_Task item_
In the records below, find the line with "Давайте взглянем на", then retype it and every following line exactly, stopping after the line with "Babà piastrato al". Leave the pictures out.

[Dataset items]

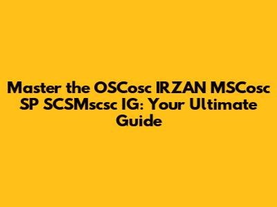 Guide To OSCosc IRZAN MSCosc SP SCSMscsc IG
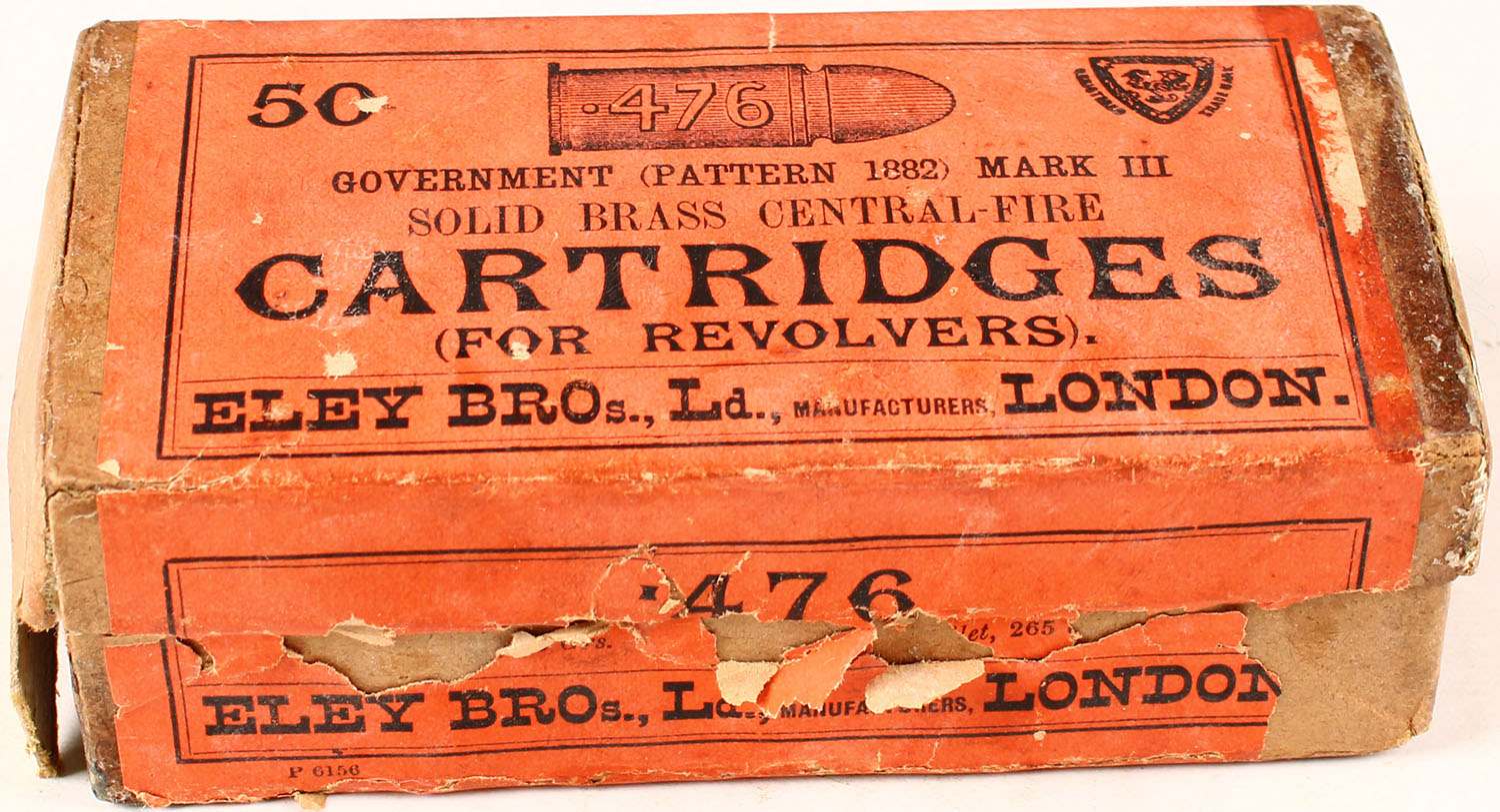 Eley Bros., .476 Government Mark III, Full, 2pc. Buff box with red wraparound label, box is solid with very good color, some age soiling, staining on right end partial seam split to bottom right edge, some edge & corner wear, label is 99% intact, ammo is very good to excellent. Grade: Very Good ++ - Value: 30 to 120
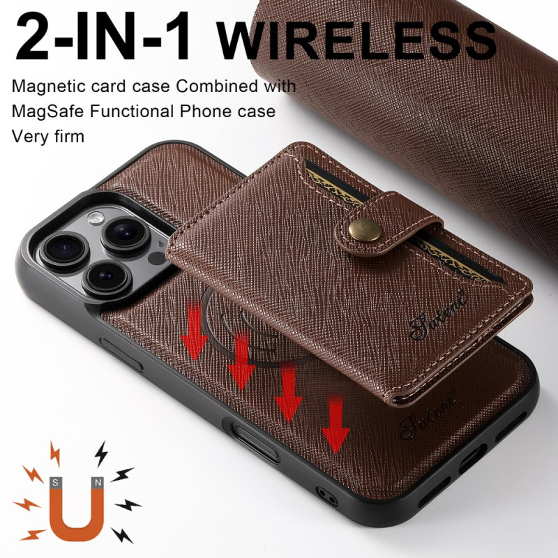 Tutustu tyylikkääseen magneettikoteloon iPhone 15 Pro Maxille. Teksturoidusta PU-nahasta valmistettu suojakuori tarjoaa vankan suojan ja hienostuneen muotoilun. Irrotettava korttipidike lisää käytännöllisyyttä, ja MagSafe-yhteensopivuus takaa helpon langattoman latauksen. Täydellinen yhdistämään tyylin ja käytännöllisyyden arjessa.
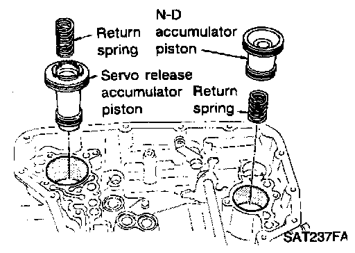c. Install accumulator pistons and return springs on transmission case.
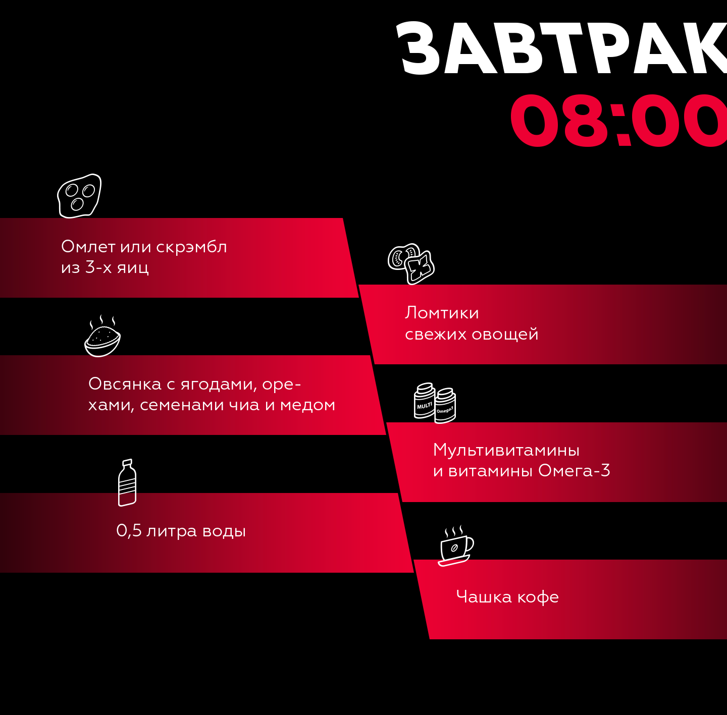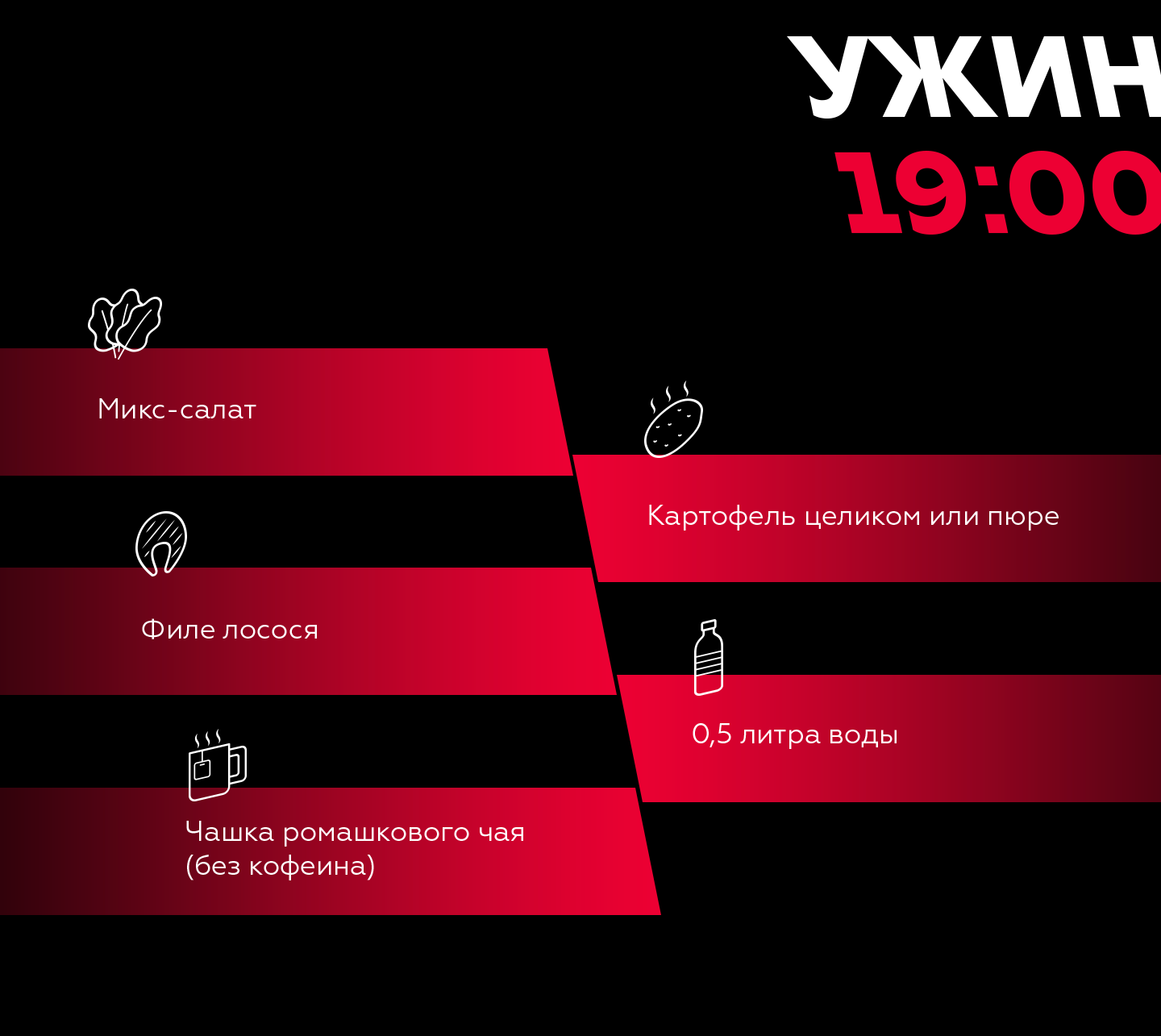 Давайте взглянем на рацион Даниила на примере первого дня уикэнда – пятницы:
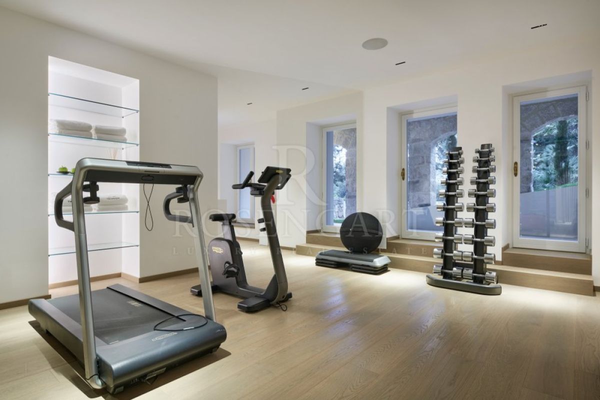 The garden level is home to 2 en-suite bedrooms, as well as the staff area (laundry room, professional kitchen for catering) and all the entertainment part of the house: Cinema lounge, fitness room opening onto the garden, sauna, shower, toilet, and access to the pool area.
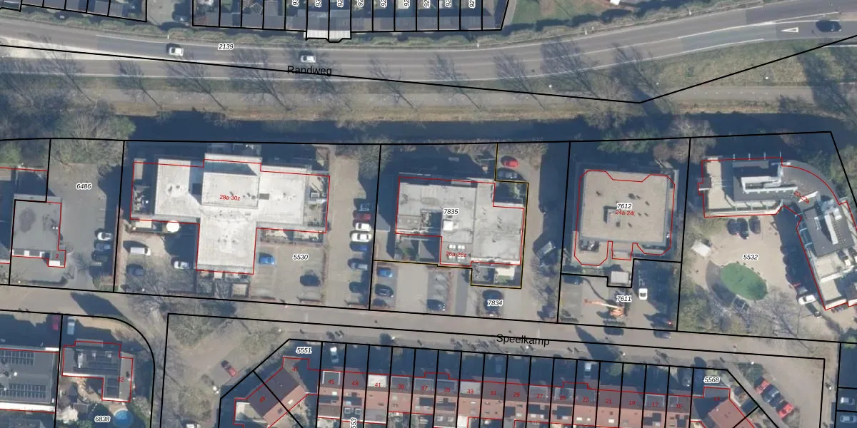 Het perceel waarop Speelkamp 26-n staat heeft een oppervlakte van 978 m². Dit is een groot perceel. De perceeloppervlakte wordt geregistreerd door het Kadaster. Gedetailleerde informatie over de maten van dit perceel kunt u vinden in het rapport Kadastrale kaart met maatvoering van Speelkamp 26-n.
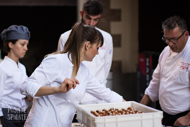 Babà piastrato al burro con foie gras e marmellata di fichi Agrimontana (pasticceria121), Battuta al coltello con scaglie di pistacchi e mango (macelleria Barberis), Rigatoni come caramelle (Pastificio Bolognese).
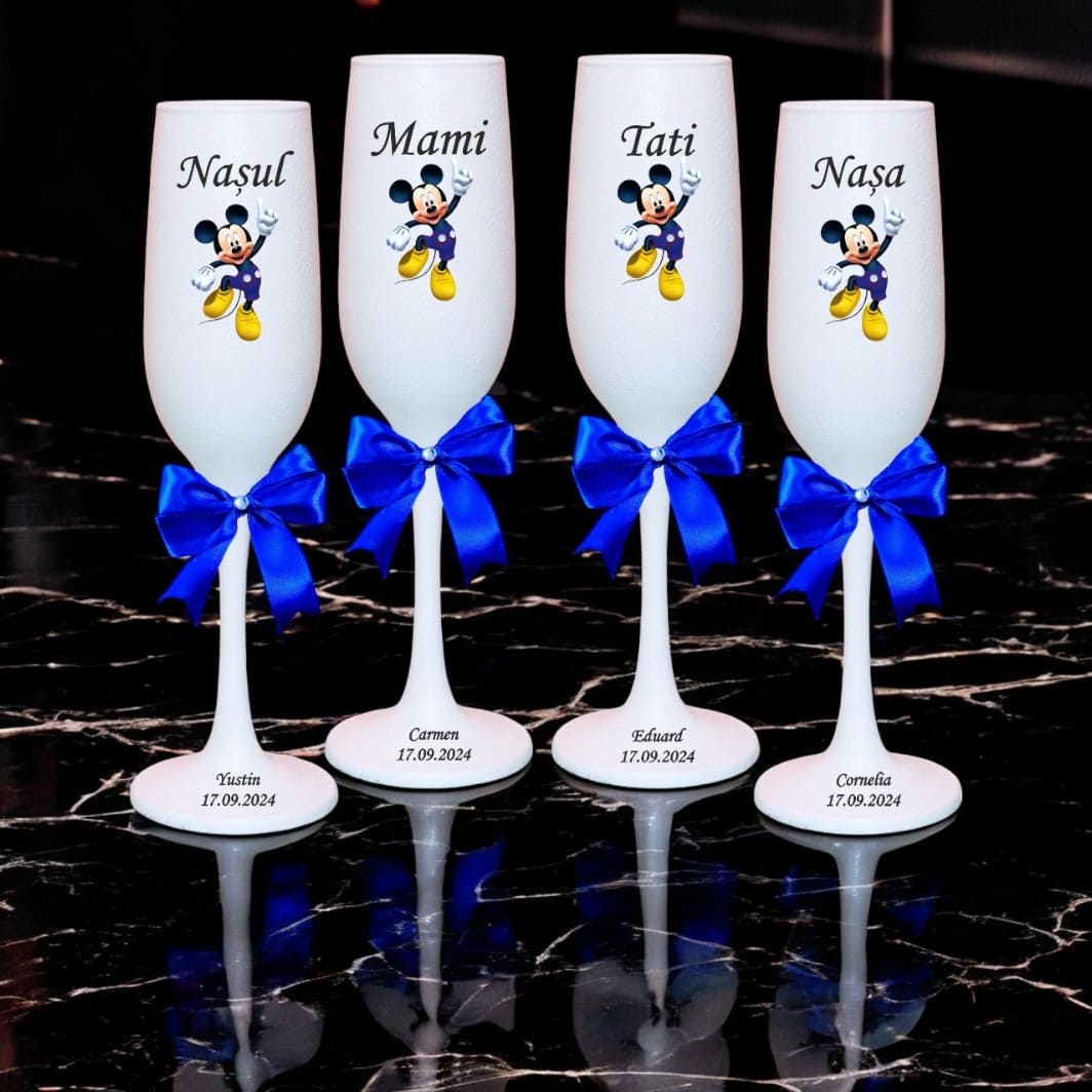 Setul de pahare personalizate Mickey este o alegere inspirată pentru a celebra primul eveniment important din viața copilului. Paharele pot fi folosite atât în timpul petrecerii, cât și ulterior, ca amintire de suflet pentru familie și nași. Combinația dintre albul pur, fundița colorată și printul de poveste creează un ansamblu armonios, potrivit atât pentru fetițe, cât și pentru tematici de botez elegante.
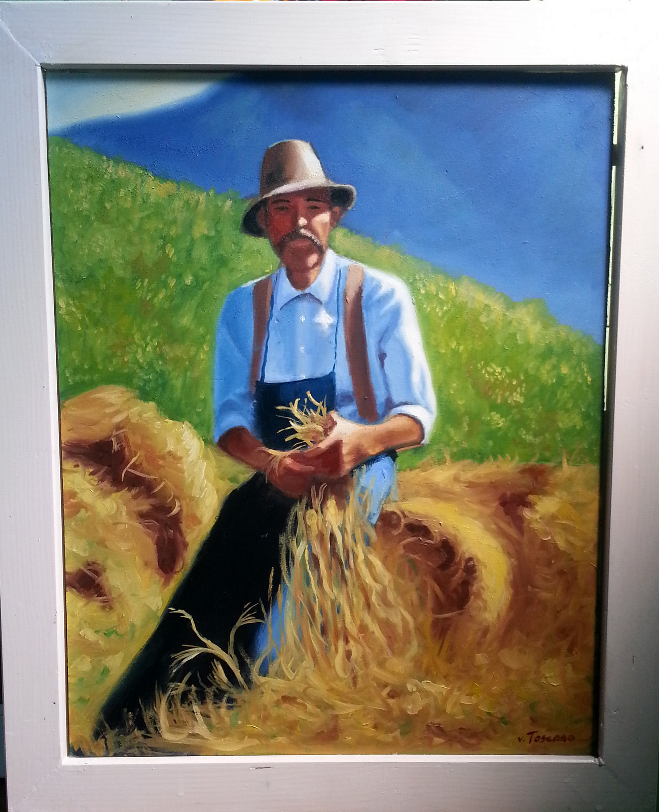 Vincenzo Toscano "Contadino" olio su tavola cm 50x40 certificato su foto L'Alfiere Arte-To

_Task result_
 Давайте взглянем на рацион Даниила на примере первого дня уикэнда – пятницы:
 The garden level is home to 2 en-suite bedrooms, as well as the staff area (laundry room, professional kitchen for catering) and all the entertainment part of the house: Cinema lounge, fitness room opening onto the garden, sauna, shower, toilet, and access to the pool area.
 Het perceel waarop Speelkamp 26-n staat heeft een oppervlakte van 978 m². Dit is een groot perceel. De perceeloppervlakte wordt geregistreerd door het Kadaster. Gedetailleerde informatie over de maten van dit perceel kunt u vinden in het rapport Kadastrale kaart met maatvoering van Speelkamp 26-n.
 Babà piastrato al burro con foie gras e marmellata di fichi Agrimontana (pasticceria121), Battuta al coltello con scaglie di pistacchi e mango (macelleria Barberis), Rigatoni come caramelle (Pastificio Bolognese).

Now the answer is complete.